В 30-е годы, наряду с работой над повестями, Гоголь обращается к драматургии и создает комедии «Ревизор» и «Женитьба», которые по праву заняли ведущее место в истории русского театра. «Наша сценическая литература еще бедна и молода, это правда, – указывал в 1859 году А. Н. Островский, – но с Гоголя она стала на твердой почве действительности и идет по прямой дороге».[221] Пьесы Гоголя знаменовали расцвет сатирической комедии, – комедии жизненной правды и гневного социального протеста. Как замечательно сказал Чернышевский: «огонь негодования» «давал жизнь «Ревизору».[222]

Гоголь видел в театре общественную трибуну, «кафедру», имеющую огромное воспитательное значение. «Театр ничуть не безделица и вовсе не пустая вещь, – писал он в 1845 году, – если примешь в соображение то, что в нем может поместиться вдруг толпа из пяти, шести тысяч человек и что вся эта толпа, ни в чем не сходная между собою, разбирая по единицам, может вдруг потрястись одним потрясением, зарыдать одними слезами и засмеяться одним всеобщим смехом. Это такая кафедра, с которой можно много сказать миру добра».

На протяжении всего своего творческого пути Гоголь постоянно обращался к вопросам театра и драматургии, неизменно отстаивая принципы национальной, общественно направленной драматургии. В статьях о театре – «Петербургская сцена в 1835/36 г.», «Петербургские записки 1836 года», «О театре, об одностороннем взгляде на театр» (1845) и в особенности в «Театральном разъезде» (1842) – Гоголь создал цельную и глубокую теорию социальной комедии, обосновал эстетику театра жизненной правды, во многом сближаясь с Белинским в разработке этих вопросов. Белинский писал о «Театральном разъезде» в рецензии на «Сочинения Гоголя», что «… в этой пьесе, поражающей мастерством изложения, Гоголь является столько же мыслителем эстетиком, глубоко постигающим законы искусства, которому он служит с такою славою, сколько поэтом и социальным писателем. Эта пьеса есть как бы журнальная статья в поэтически-драматической форме, – дело, возможное для одного Гоголя! В пьесе этой содержится глубоко сознанная теория общественной комедии…»[223]

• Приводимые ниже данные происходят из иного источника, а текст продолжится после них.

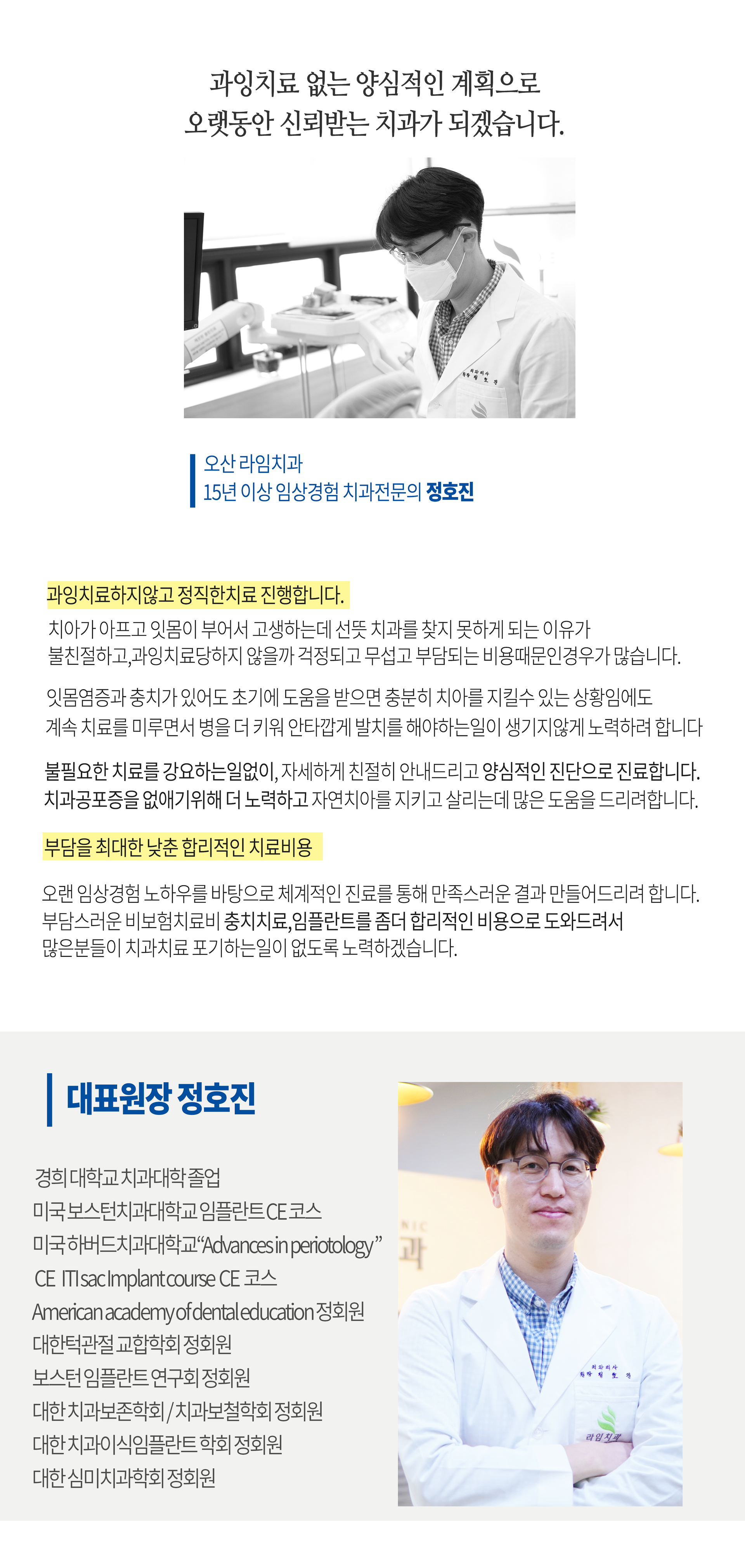 오산 라임치과는 경희대치과대학 출신 정호진 원장이 진료합니다.
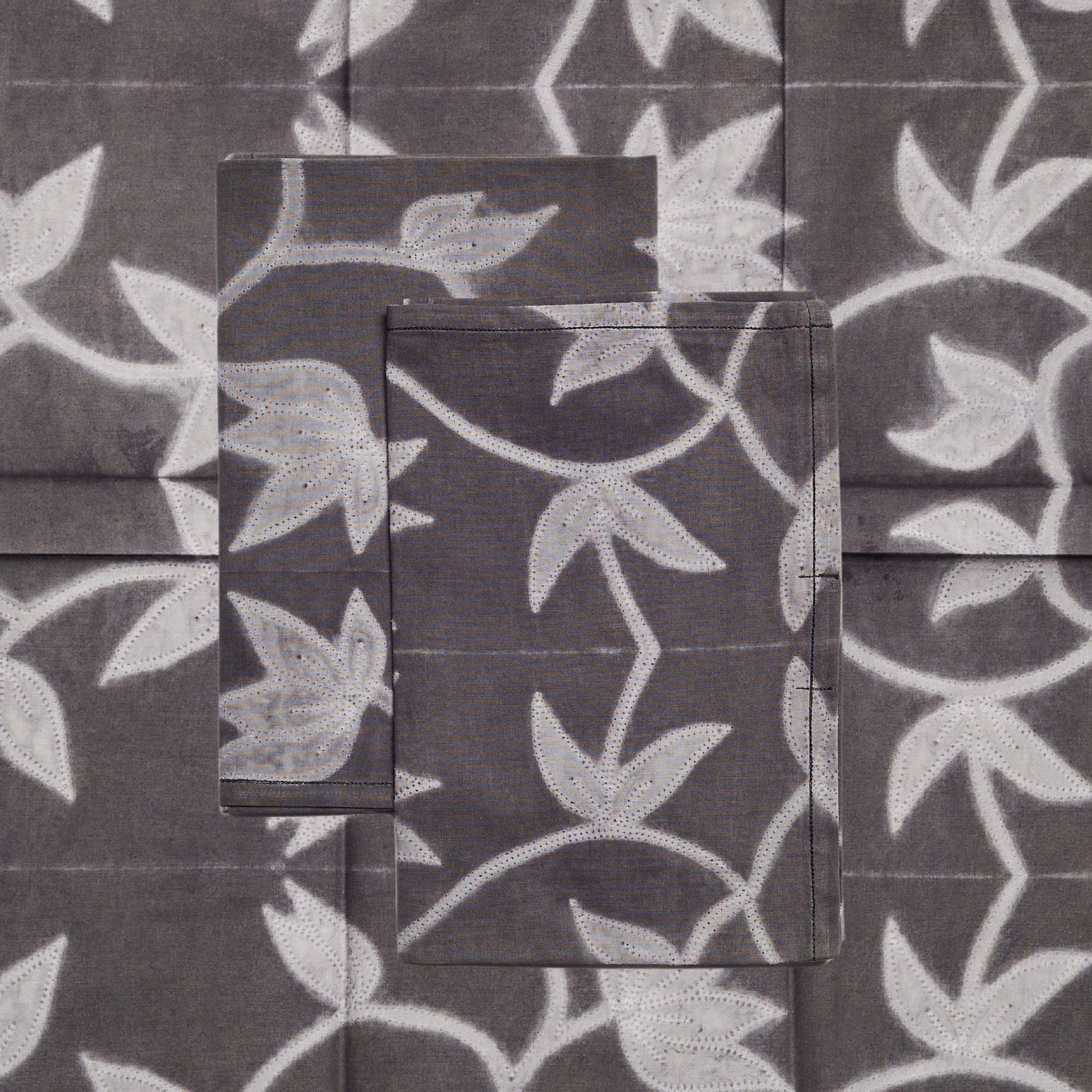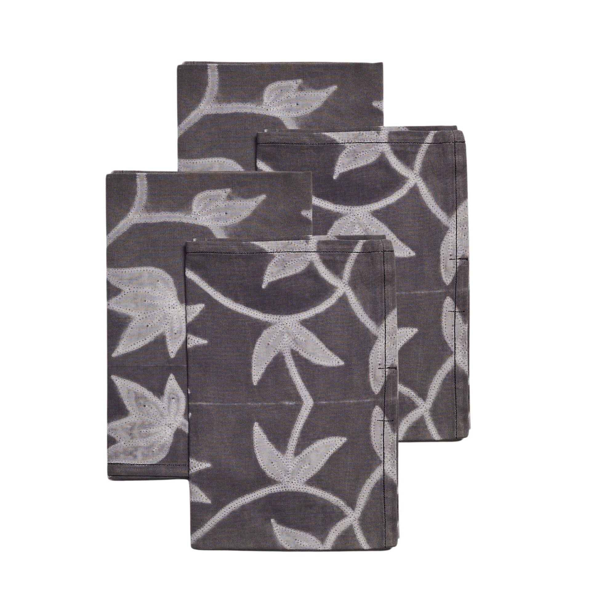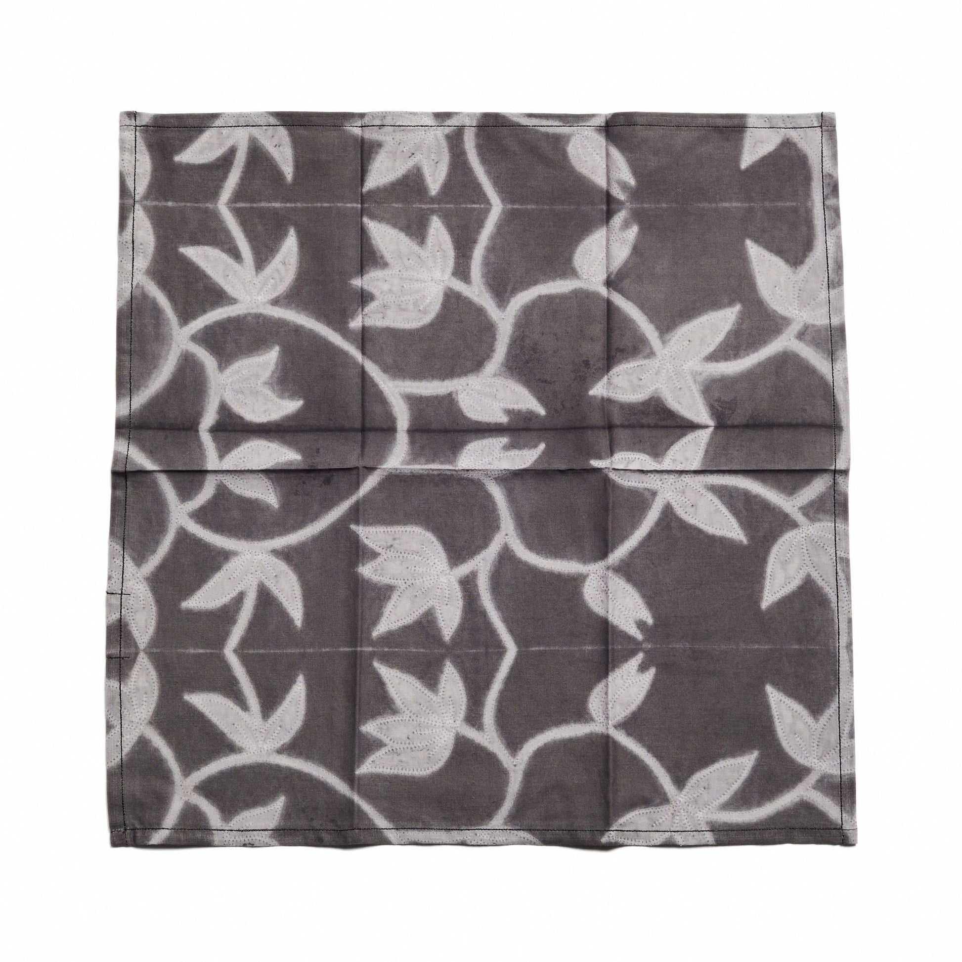 Folio Black table napkin is a unique modern artisanal napkin. Created artistically and ethically by artisans in India using shibori print technique, using only pure natural dyes. It is a pure statement piece that adds modern and timeless quality as a table ware accessory. Classic & timeless in design, Folio napkin in black is a sustainable luxury statement. Created all by hand these napkins are made in small careful batches, each piece being unique as it is completely handcrafted.Natural elements local to the artisan clusters are used to custom create dyes for this production. Each order includes a set of 4 napkins. Material: 60s cotton ( thick ) Size: 18X18" (square) Color: Shibori floral print in indigo. Artisan base: Ethically & responsibly handmade by artisans in India ​Wash care: Gently hand wash separately. Hang dry in cool shaded place. What Makes Your Purchase Sustainable? 100% organic dyes sourced locally and made to order. Support employment of women artisans. 100% handmade manufacturing process by artisans. All pieces are sun dried / air dried to conserve energy. Use only 100% natural + biodegradable responsibly sourced materials. Small batch production ensures higher quality & less wastage.
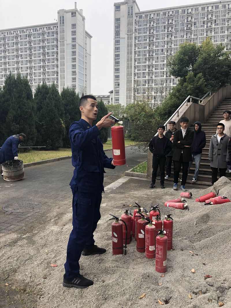莫队长首先针对火灾视频案例的警示分析,特别是粉尘爆炸案例的分析,向大家介绍了火灾以及粉尘爆炸的危险性,然后结合学院专业实验室木工教室,重点讲解防尘防暴的专业知识,仔细分析了可能存在和发生的安全隐患。莫队长还为同学们讲解消防安全逃生知识,在今后的学习生活中应该注意安全事项,特别木工实验课提出一些具体的防范要求,对保障实验室安全起到了重要的警示意义。课后同学位还对灭火器的正确使用进行了现场演练,在队长的指导下大家都熟练掌握了使用灭火器的三步骤,演练气氛热烈,参与人数众多,达到了安全教育的目的。本次活动得到校保卫处的大力支持,活动取得了预期的效果。
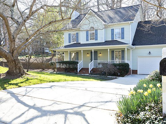 Welcome to Apex! 2001 Chedington Drive is in a fantastic APEX location with easy access on HWY 1. The east-facing house has a big front porch with plenty of room for rocking chairs overlooking the mature landscape. Step inside to find oodles of charm and character, including hardwood floors in the living areas downstairs, crown modeling, a brick fireplace, plantation shutters, a swinging glass door in the dining room for entertaining, chair molding, and built-in shelves. Off the back is a sunny screen porch overlooking the treelined backyard. Primary has show-stopping vaulted ceilings, hardwoods, and an updated bath. Secondary bedrooms have tons of natural light, and the 4th bedroom could be a bonus room: roof 2023, HVAC downstairs 2023, water heater 2024. Waterford Green has a neighborhood pool, tennis court all within walking distance.
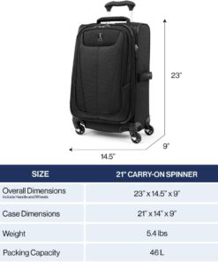 LIGHTWEIGHT: A half pound lighter than Maxlite 4, this spinner meets most international carry-on size limits. Case Dimensions: 21″ x 14″ x 9″ | Overall Dimensions (includes wheels and handles): 23 x 14.5″ x 9″ | Weight: 5.4 lbs | Volume: 46 L.
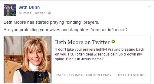 I appreciated my friend Seth Dunn's warning about Beth Moore. He wrote on Facebook,
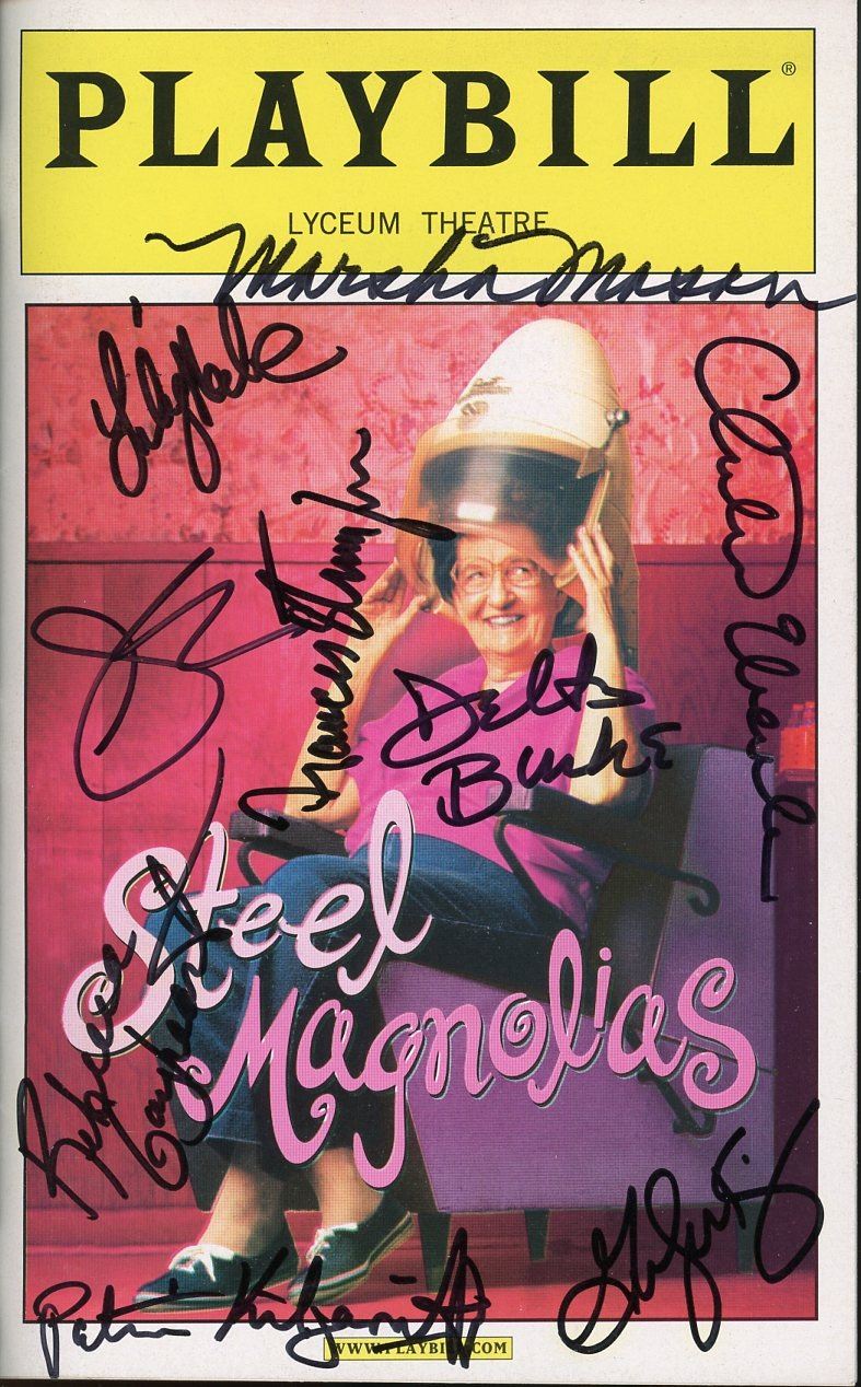 Playbill for the production Steel Magnolias signed by Delta Burke, Christine Ebersole, Rebecca Gayheart, Marsha Mason, Lily Rabe, Frances Sternhagen, Patricia Kilgarriff, Ginifer King, and Sally Mayes. All items come with a COA and guarantee for the life of the piece.
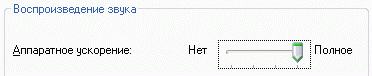 Если метки нет, загляните в системную "Панель управления", раздел "Звуки и аудиоустройства", пункт "Настройка динамиков", кнопка "Дополнительно...", закладка "Качество записи". Посмотрите здесь в разделе "Воспроизведение звука" на движок "Аппаратное ускорение" - он должен быть на максимуме.
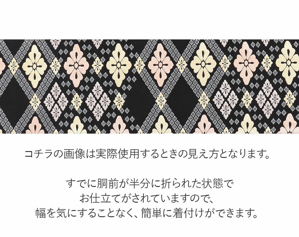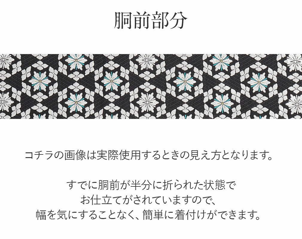 他の画像を見る 《お仕立て上り・送料込》【最短日お届け】お稽古や小紋・紬・色無地などカジュアルな着物に 名古屋帯 帯 九寸 <黒/花菱> 織善織物 正絹 お仕立て上がり 六通柄 当店特別価格 ¥ 38,500 税込 カートに入れる お気に入りに登録する
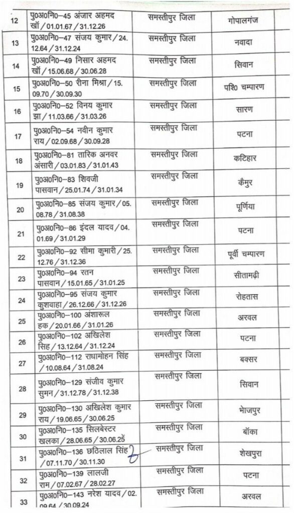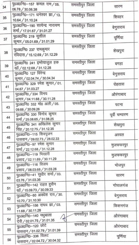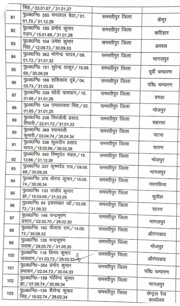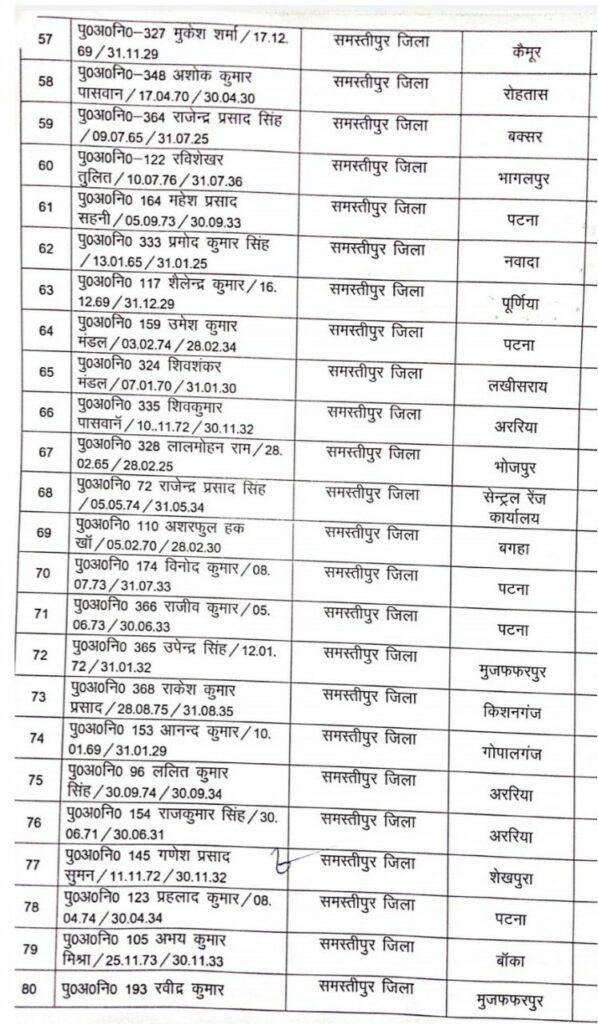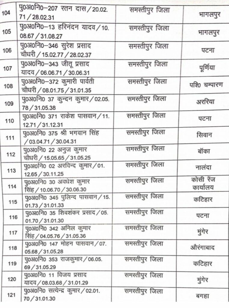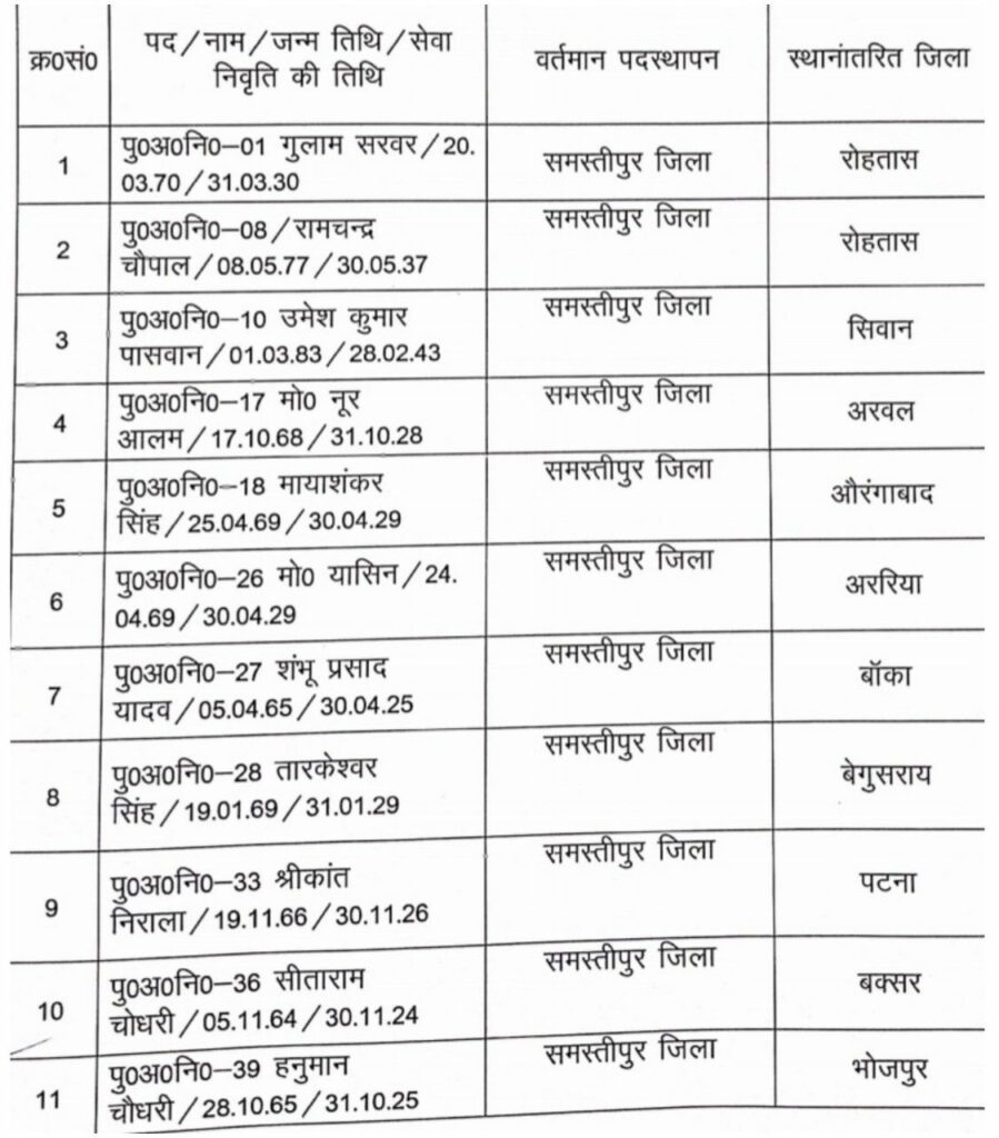 बिहार पुलिस मुख्यालय स्तर पर गठित स्थानांन्तरण समिति की 23 जनवरी को हुई बैठक में लिए गए निर्णय पर यह कार्रवाई की गई है. स्थानांतरित किये गए सभी पुलिस कर्मियों को 05 फरवरी तक नवपदस्थापन जिला इकाई में योगदान देने का निर्देश दिया गया है. उन्हें 01 फरवरी से विरमित किया गया है एवं जिला से सभी पंजियों से नाम विलोपित करने का आदेश दिया गया है.

Гоголь решительно порывает с учением о драме и комедии в эстетике классицизма, с ее требованием «правдоподобия», а не правды, искусственной регламентацией «единств». Выдвигая принципы социальной сатиры и жизненной правды в комедии, Гоголь являлся непосредственным продолжателем Пушкина.

В своих заметках 1830 года о народной драме, написанных в связи с появлением драмы М. Погодина «Марфа Посадница», Пушкин разработал основные теоретические принципы национальной реалистической драматургии. Говоря о комедии, Пушкин подчеркивал здесь родство высокой социальной комедии с трагедией, отделяя ее этим от развлекательной комедии, основанной на одном «смехе». «Заметим, что высокая комедия не основана единственно на смехе, но на развитии характеров, – и что нередко [она] близко подходит к трагедии».[224] К этим глубоким и новаторским принципам драматургической эстетики Пушкина полностью присоединяется и Гоголь. Принципы гоголевской драматургии складывались в борьбе с той казенно-благонамеренной и художественно неполноценной «продукцией», которая заполняла сцены театров. Основное место в тогдашнем репертуаре занимали переводные, пустопорожние, бессодержательные водевили или нелепые мелодрамы и их переделки на русский лад, ограничивавшиеся, впрочем, лишь переменой имен и отдельных подробностей. В «Петербургских записках» Гоголь резко выступил против этого засилья мелодрам и водевилей, видя в них искажение жизненной правды, измену подлинному искусству. Он указывал на вырождение и измельчание современной европейской драматургии, еще недавно представленной такими именами, как Лессинг и Шиллер: «… взгляните, что делается после вас на нашей сцене; посмотрите, какое странное чудовище, под видом мелодрамы, забралось между нас! Где же жизнь наша? где мы со всеми современными страстями и странностями? Хотя бы какое-нибудь отражение ее видели мы в нашей мелодраме! Но лжет самым бессовестным образом наша мелодрама…» Во всех своих высказываниях о театре и драматургии Гоголь настойчиво проводил основное требование – требование жизненной правды, идейности, изображения основных явлений действительности в свете тех прогрессивных и демократических идеалов, которые и определили реалистический и обличительный характер его собственных пьес.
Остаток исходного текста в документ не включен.